Clustering Book editions
using Python to increase user experience and data quality by clustering book editions
What do the books “The invention of Nature” and “De uitvinder van de natuur” have in common? Well, they are both different versions of the same work “The invention of nature” by Andrea Wulf, whether it is in a different format or a different language. In this blog post I will briefly introduce the advantages of keeping work-level records in library catalogs. Furthermore, I will introduce a fast Python implementation (DOI: 10.5281/zenodo.10011416) which we used in the BELTRANS project to identify the works in a corpus of book translations #FRBRization.
Library catalogs usually contain records about different versions of a book. In technical terms, these records are so-called manifestations, but for simplicity I will refer to them simply as book versions or book editions. Such a conceptual division between different levels of description is part of the Functional Requirements for Bibliographic Records (FRBR) or how it is referred to nowadays, the IFLA Library Reference Model (IFLA-LRM).
Better user experience and better data quality due to identified works
Imagine that you are searching for a specific book in a library catalog. You remember that it had the word “invention” in its title. Instead of seeing two search results “The invention of nature” by Andrea Wulf and “Invention: A Life of Learning through Failure” by James Dyson, you are overwhelmed with hundreds of versions of both books and others such as ebooks, paperbacks, reprints, etc. Actually you are interested in finding out which works the library has that contain the title. Which specific version maybe is of less priority to you. In such a scenario it might be better to only show works in the search results. After clicking on the work you looked for, you still can be presented with all the different versions of the book.

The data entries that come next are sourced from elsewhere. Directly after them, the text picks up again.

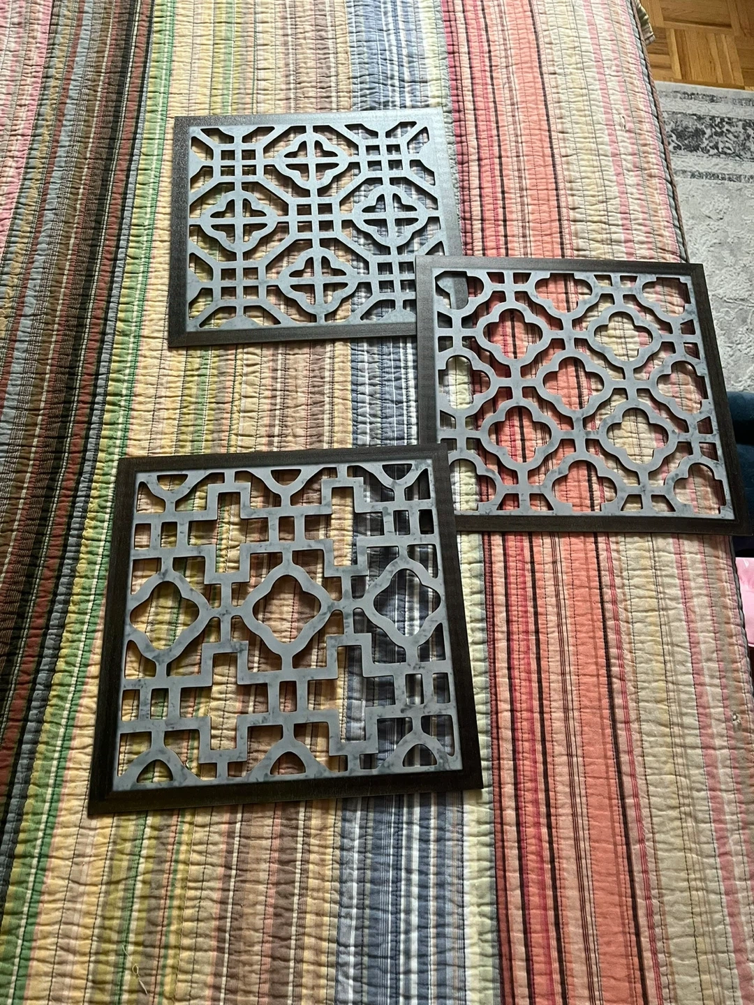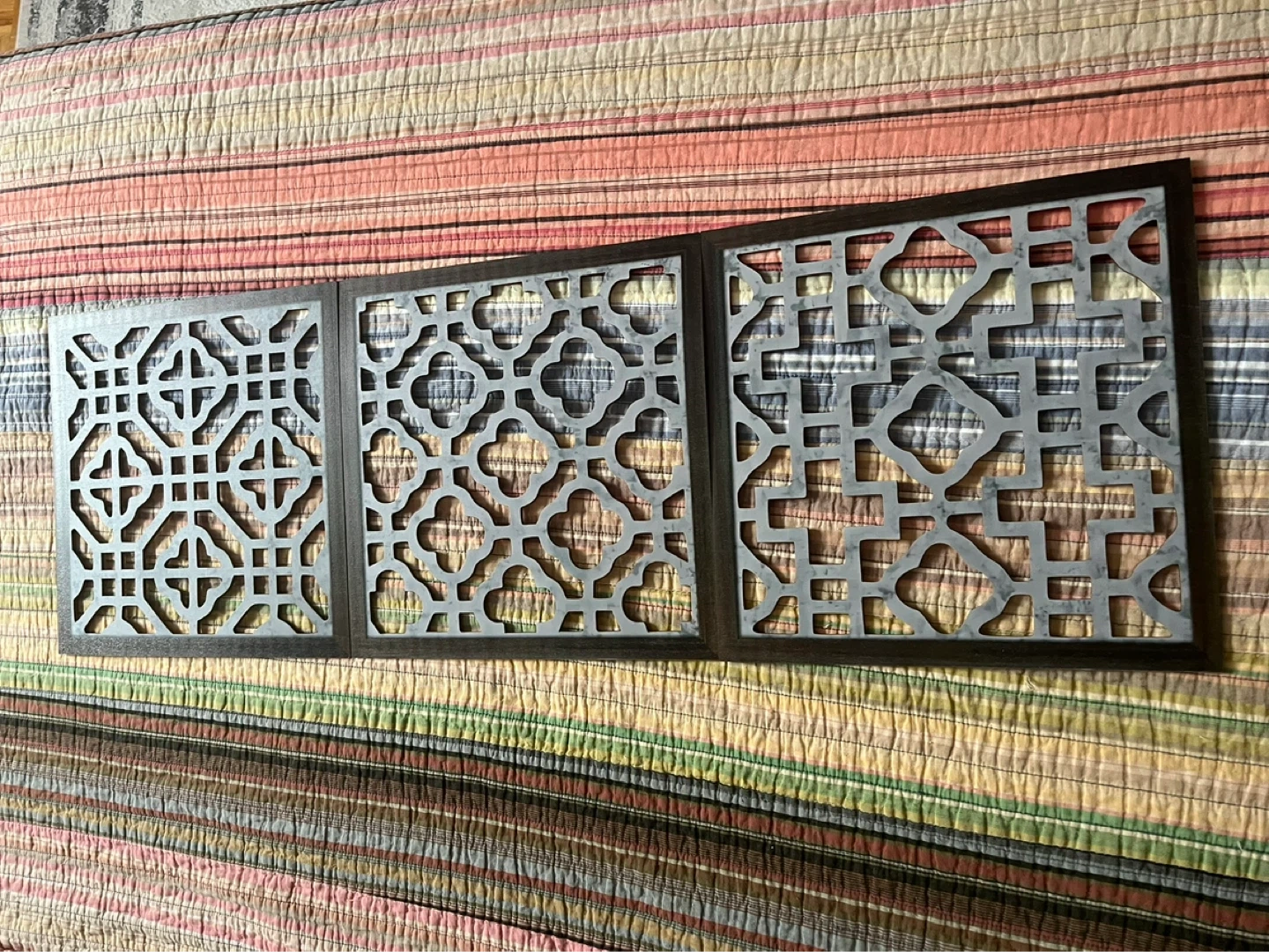 Set of three decorative wall panels featuring a geometric fretwork design. Each panel has a dark wood frame and a grey-toned insert. They're suitable for adding a decorative touch to any room.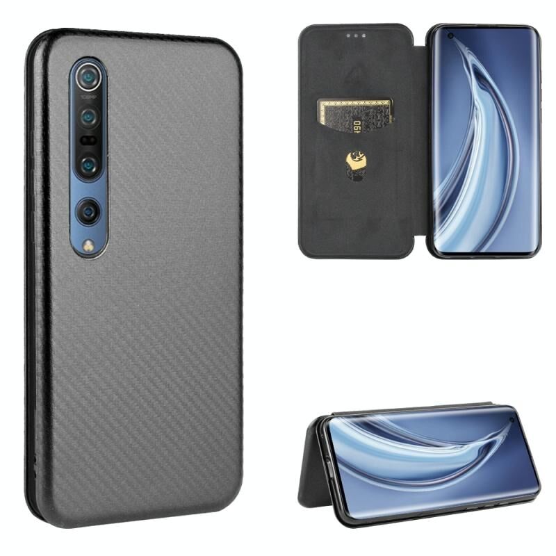 Για Xiaomi Mi 10 Pro 5G Carbon Fiber Texture Horizontal Flip TPU + PC + PU Leather Case με υποδοχή κάρτας (μαύρο)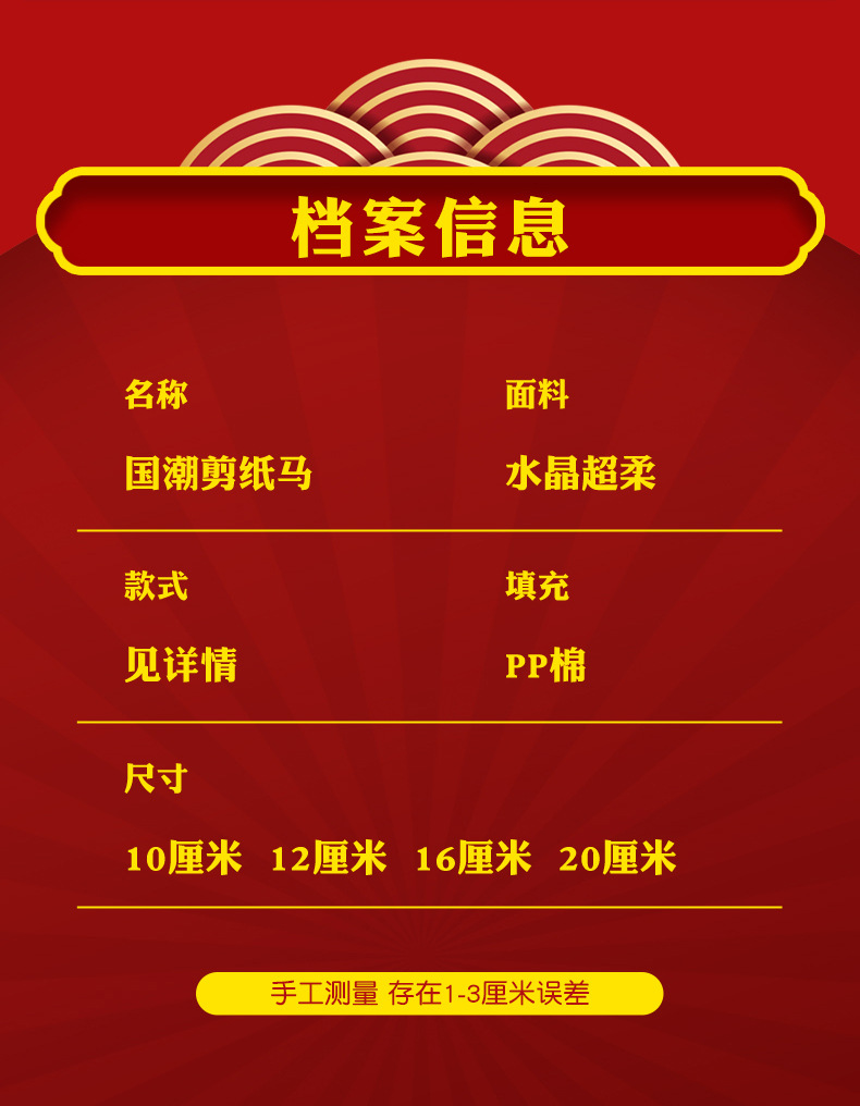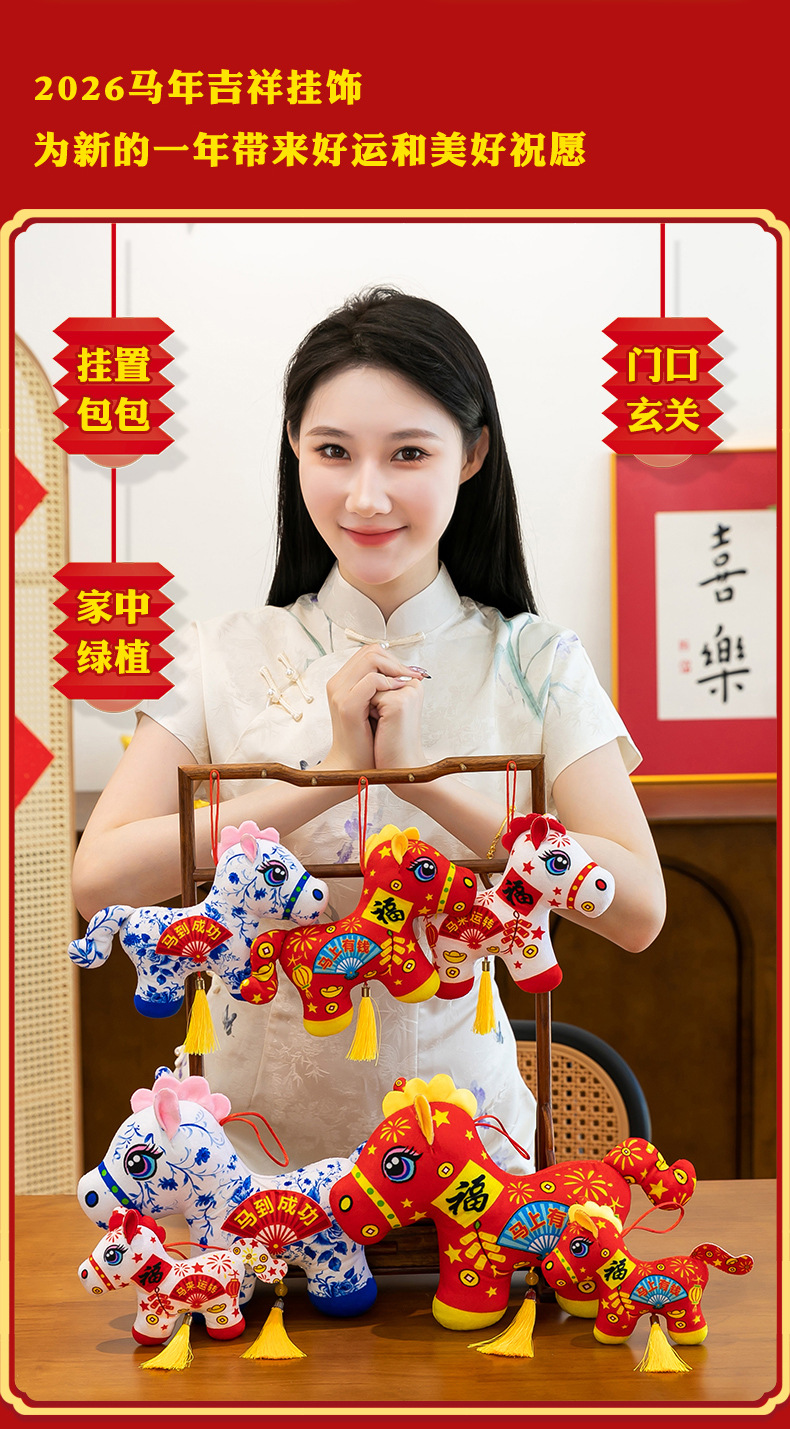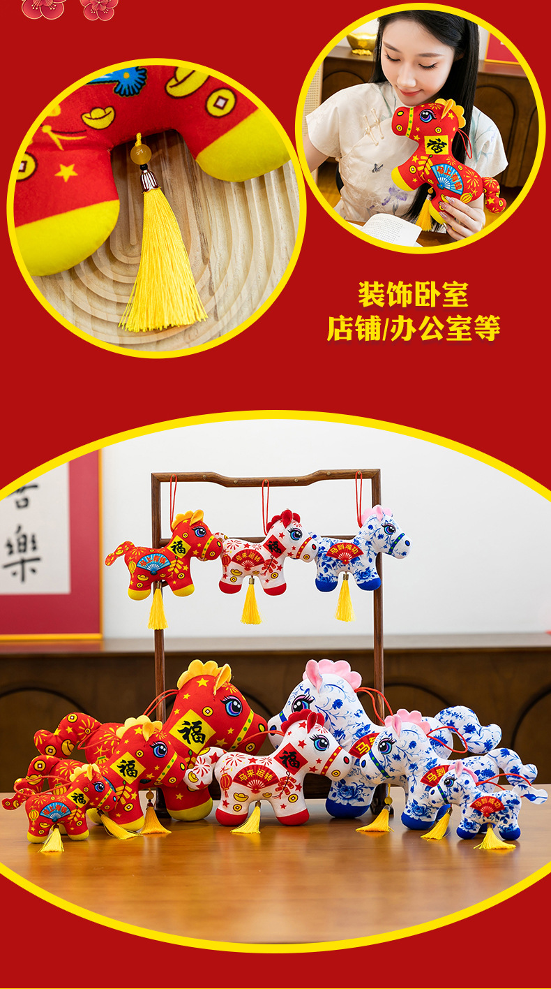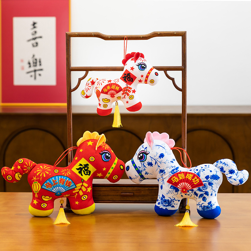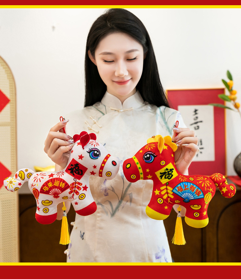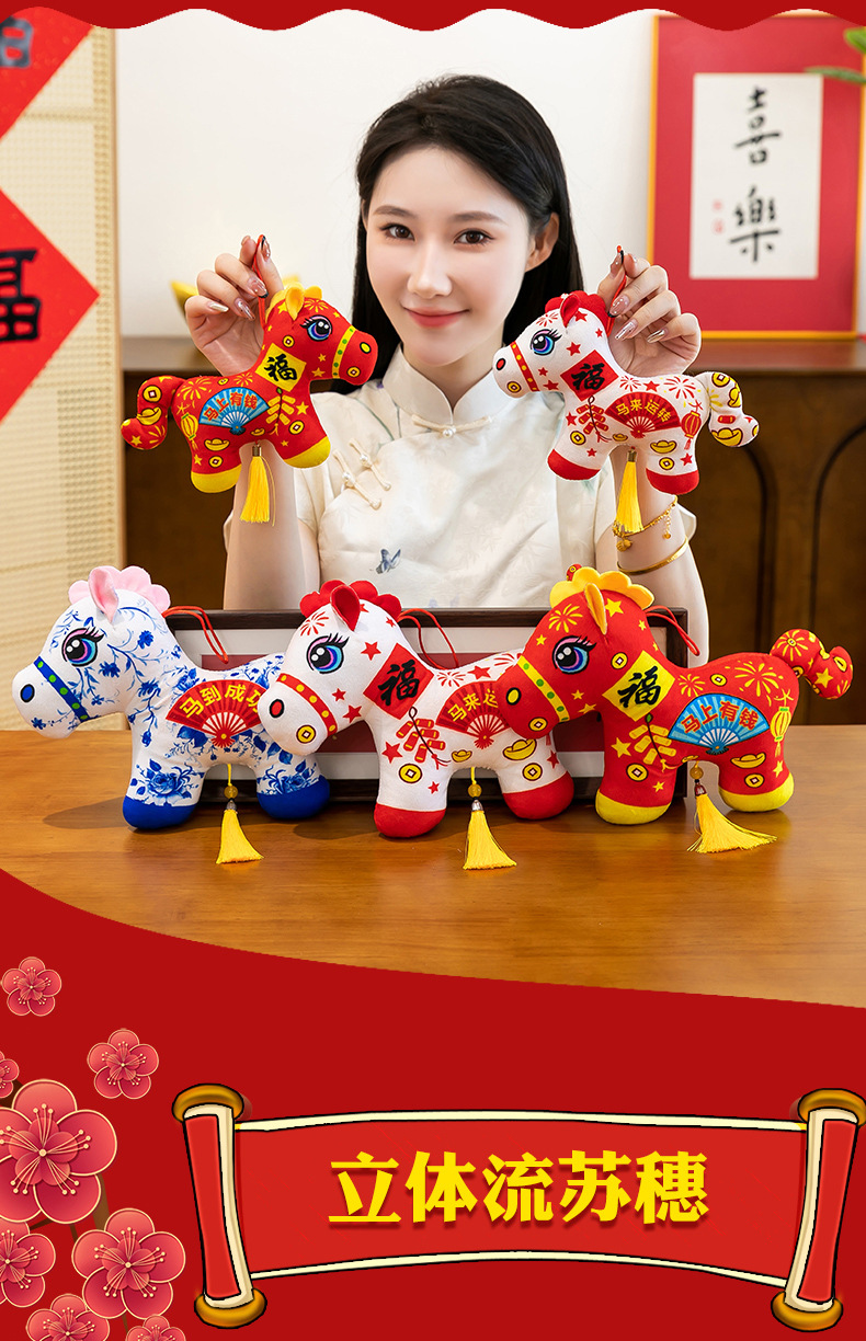 2026马年吉祥物毛绒玩具生肖剪纸小马公仔玩偶年会活动开门红摆件

There is also an advantage for the library personnel that works with the book data. Creating catalog records often is a manual process, or at least it was for a long time. Some of the records might contain more information than others, for example the genre according to a specific categorization. Identifying all the different versions of a book in your own catalog or in a collection of (other) catalogs can help to fill gaps in the data. If one book record is classified as a Comic and mentions a specific person as its illustrator, another record of a different version of that book which maybe has no such information, can be completed/enriched with this information.
Alright, you convinced me, how can I do it?
There are different ways to do this. I have read a bit of literature and it seems that there is one very common way to do this. Let me introduce you to the work-set clustering algorithm, initially devised by OCLC. The idea is simple: create several possible descriptive keys of a book version based on a combination of work-level information such as title and author, then check if two book versions have at least one key in common. Sounds complicated? Check out the image below which hopefully makes it clear.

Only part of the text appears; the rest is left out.